Allowable Loan Usage

You are allowed to use the loan proceeds to pay the following:

  1. Payroll costs, including group health insurance paid by your Company, state and local payroll taxes and retirement benefits.  Payroll includes the gross pay of the employees, but not the employer matching FICA tax that must be paid.  Thus, matching FICA is still the employer’s responsibility to pay.
  2. Rent paid under any lease agreement in place before 2/15/2020.
  3. Utilities paid, including telephone and internet, for which service began before 2/15/2020.
  4. Interest paid on any mortgage loan owed by your Company that was incurred before 2/15/2020.
  5. Interest on any other debt obligation owed by your Company that was incurred before 2/15/2020.

You may not use the loan proceeds for any other purpose, so other business expenses must be paid with other funds available to your business.

Loan Forgiveness

Any of the items (1) – (4) above, paid in the eight weeks after funding, qualifies for loan forgiveness so long as you meet two other criteria.  However, not more than 25% of the loan forgiveness amount may be attributed to items (2) – (4), meaning that 75% must be used for payroll costs. In addition, any amount of gross pay above $15,385 paid to any one employee in the eight-week post-funding period cannot be considered for forgiveness.  Even though item (5) can be paid with the loan proceeds, it does not qualify for forgiveness.  The eight-week period begins the day of funding so make note of that date. 

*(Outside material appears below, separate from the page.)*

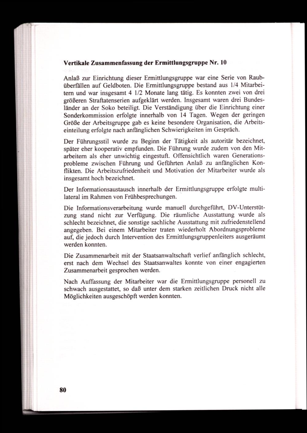Anlaß zur Einrichtung dieser Ermittlungsgruppe war eine Serie von Raubüberfällen auf Geldboten. Die Ermittlungsgruppe bestand aus 1/4 Mitarbeitern und war insgesamt 4 1/2 Monate lang tätig. Es konnten zwei von drei größeren Straftatenserien aufgeklärt werden. Insgesamt waren drei Bundesländer an der Soko beteiligt. Die Verständigung über die Einrichtung einer Sonderkommission erfolgte innerhalb von 14 Tagen. Wegen der geringen Größe der Arbeitsgruppe gab es keine besondere Organisation, die Arbeitseinteilung erfolgte nach anfänglichen Schwierigkeiten im Gespräch.
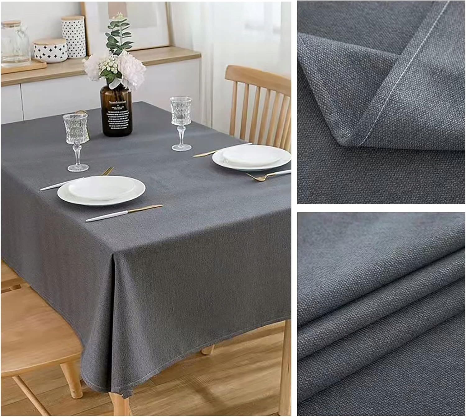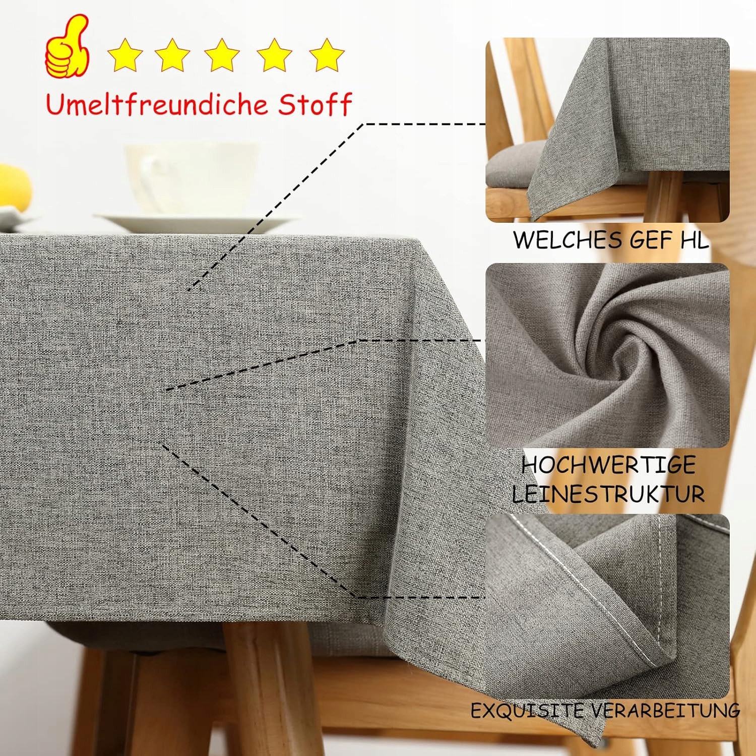 Materiał: wykonany z poliestru (o wyglądzie lnu stołowego). Jest odporny na zabrudzenia, wodoodporny, odporny na rozdarcia i ścieranie, lekki i łatwy w czyszczeniu.

Remember, the government wants you to keep your employees on your payroll so there are two other criteria for forgiveness:

  1. Your average number of full-time equivalent (FTE) employees in the eight weeks after funding must be the same as your average number of FTE employees prior to funding.  For example, if your average FTE pre-funding was 40 and your average FTE post funding is 30, then only 75% of your loan will qualify for forgiveness (30 / 40 = 75%), meaning you must repay the other 25%.  The law gives you two options to calculate average FTEs prior to funding.  You can look at either the period of 2/15/2019-6/30/2019 or 1/1/2020-2/29/2020.  You can choose whichever period is most advantageous to you.  If you have already decreased employee levels, you have until 6/30/2020 to restore your FTEs to pre-loan levels.  However, realistically you need to do it sooner so that you can spend the loan proceeds on payroll costs during the eight-week forgiveness period.
  2. If an employee’s compensation level post funding is less than 75% of their compensation pre-funding, then the reduction in excess of 25% will not qualify for loan forgiveness.  For example, you paid Employee A $5,000 per month pre-funding, but only $3,000 per month in the eight weeks post-funding.  75% of $5,000 is $3,750, so the $750 per month reduction below 75% does not qualify for forgiveness ($1,500 for eight weeks) and must be repaid. 

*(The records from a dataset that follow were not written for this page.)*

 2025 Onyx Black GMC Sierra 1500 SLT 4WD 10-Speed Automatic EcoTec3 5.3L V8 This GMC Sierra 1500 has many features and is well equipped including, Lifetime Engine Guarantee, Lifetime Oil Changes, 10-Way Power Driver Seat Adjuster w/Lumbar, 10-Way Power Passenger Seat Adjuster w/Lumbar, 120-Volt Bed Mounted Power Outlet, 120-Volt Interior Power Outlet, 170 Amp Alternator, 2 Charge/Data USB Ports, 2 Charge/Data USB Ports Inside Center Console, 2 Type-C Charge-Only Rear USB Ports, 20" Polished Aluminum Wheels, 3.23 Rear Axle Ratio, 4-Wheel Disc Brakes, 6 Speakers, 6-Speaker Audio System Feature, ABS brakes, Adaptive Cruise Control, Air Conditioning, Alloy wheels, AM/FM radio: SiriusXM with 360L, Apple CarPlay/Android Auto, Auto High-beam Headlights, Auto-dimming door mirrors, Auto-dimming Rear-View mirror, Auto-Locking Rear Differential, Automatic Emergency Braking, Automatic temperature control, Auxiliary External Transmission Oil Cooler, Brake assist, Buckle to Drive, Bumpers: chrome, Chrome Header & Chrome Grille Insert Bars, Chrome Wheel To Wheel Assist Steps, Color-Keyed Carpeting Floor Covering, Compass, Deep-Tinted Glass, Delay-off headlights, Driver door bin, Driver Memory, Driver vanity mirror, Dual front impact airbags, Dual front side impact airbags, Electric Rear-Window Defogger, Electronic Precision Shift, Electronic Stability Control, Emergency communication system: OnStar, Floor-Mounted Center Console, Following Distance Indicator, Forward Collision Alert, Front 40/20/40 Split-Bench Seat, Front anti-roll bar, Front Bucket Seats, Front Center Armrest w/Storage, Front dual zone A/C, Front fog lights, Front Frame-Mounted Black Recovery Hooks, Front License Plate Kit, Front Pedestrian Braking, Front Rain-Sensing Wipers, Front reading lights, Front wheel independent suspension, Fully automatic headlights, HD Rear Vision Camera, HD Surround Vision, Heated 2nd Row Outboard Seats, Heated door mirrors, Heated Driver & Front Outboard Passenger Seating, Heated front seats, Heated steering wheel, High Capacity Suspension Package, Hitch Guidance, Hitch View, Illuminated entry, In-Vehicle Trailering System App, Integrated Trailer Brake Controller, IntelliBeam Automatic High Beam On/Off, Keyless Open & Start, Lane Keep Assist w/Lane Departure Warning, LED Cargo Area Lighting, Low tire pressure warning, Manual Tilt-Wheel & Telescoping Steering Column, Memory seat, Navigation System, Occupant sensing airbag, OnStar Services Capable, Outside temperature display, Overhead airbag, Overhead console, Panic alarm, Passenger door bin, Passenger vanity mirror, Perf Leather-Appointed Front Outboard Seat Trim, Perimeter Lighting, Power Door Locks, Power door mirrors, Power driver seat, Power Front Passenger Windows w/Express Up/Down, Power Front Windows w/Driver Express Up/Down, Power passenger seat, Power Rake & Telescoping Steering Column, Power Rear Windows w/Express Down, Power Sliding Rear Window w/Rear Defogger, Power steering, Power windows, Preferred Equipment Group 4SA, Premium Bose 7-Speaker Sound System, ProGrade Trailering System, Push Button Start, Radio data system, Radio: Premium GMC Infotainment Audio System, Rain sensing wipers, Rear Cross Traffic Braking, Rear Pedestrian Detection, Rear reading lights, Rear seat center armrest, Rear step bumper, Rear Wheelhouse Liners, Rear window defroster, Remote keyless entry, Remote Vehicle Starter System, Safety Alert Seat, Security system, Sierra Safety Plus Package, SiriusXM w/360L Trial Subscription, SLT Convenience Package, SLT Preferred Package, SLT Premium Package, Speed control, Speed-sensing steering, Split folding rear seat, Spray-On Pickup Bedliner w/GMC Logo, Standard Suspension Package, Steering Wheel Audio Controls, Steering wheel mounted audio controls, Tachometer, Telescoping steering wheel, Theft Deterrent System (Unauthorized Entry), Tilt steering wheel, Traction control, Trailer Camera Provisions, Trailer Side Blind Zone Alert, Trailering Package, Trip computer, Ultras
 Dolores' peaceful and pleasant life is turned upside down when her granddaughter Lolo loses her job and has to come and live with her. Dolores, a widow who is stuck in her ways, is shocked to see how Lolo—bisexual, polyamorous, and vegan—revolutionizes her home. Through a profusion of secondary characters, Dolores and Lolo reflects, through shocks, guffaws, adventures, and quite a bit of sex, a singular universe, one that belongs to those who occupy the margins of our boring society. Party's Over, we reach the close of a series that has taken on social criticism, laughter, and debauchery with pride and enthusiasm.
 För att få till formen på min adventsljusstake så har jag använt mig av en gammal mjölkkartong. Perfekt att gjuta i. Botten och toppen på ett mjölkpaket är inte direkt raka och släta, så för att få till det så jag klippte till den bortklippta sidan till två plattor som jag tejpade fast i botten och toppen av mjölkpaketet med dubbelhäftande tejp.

Keep in mind, even though you can cut employee pay rates up to 25%, only the amount spent in the eight weeks post-funding counts towards forgiveness.  If you cut pay too much, you may not be able to spend the entire loan amount in the eight weeks allowed.  Any amount not spent must be repaid.  Your goal should be to spend the entire loan amount on qualified expenditures in the eight weeks post funding to qualify for full forgiveness.  The forgiven amount is tax-free.  Any amount not forgiven must be repaid within two years of the loan at 1% interest. 

To qualify for forgiveness, you will need to supply your bank with proof you spent the funds appropriately.  For payroll, this will include a schedule of gross pay by an employee for the eight weeks post-funding as well as copies of health insurance premium invoices, payment of state payroll taxes and any retirement benefits.  For rent and utilities, you may need copies of invoices supporting amounts paid.  Lenders might require lease agreements or similar invoices prior to 2/15/2020 to prove the rent and utilities were in existence.  Mortgage interest statements may also be required.  Your bank will provide details on specific items required to support forgiveness.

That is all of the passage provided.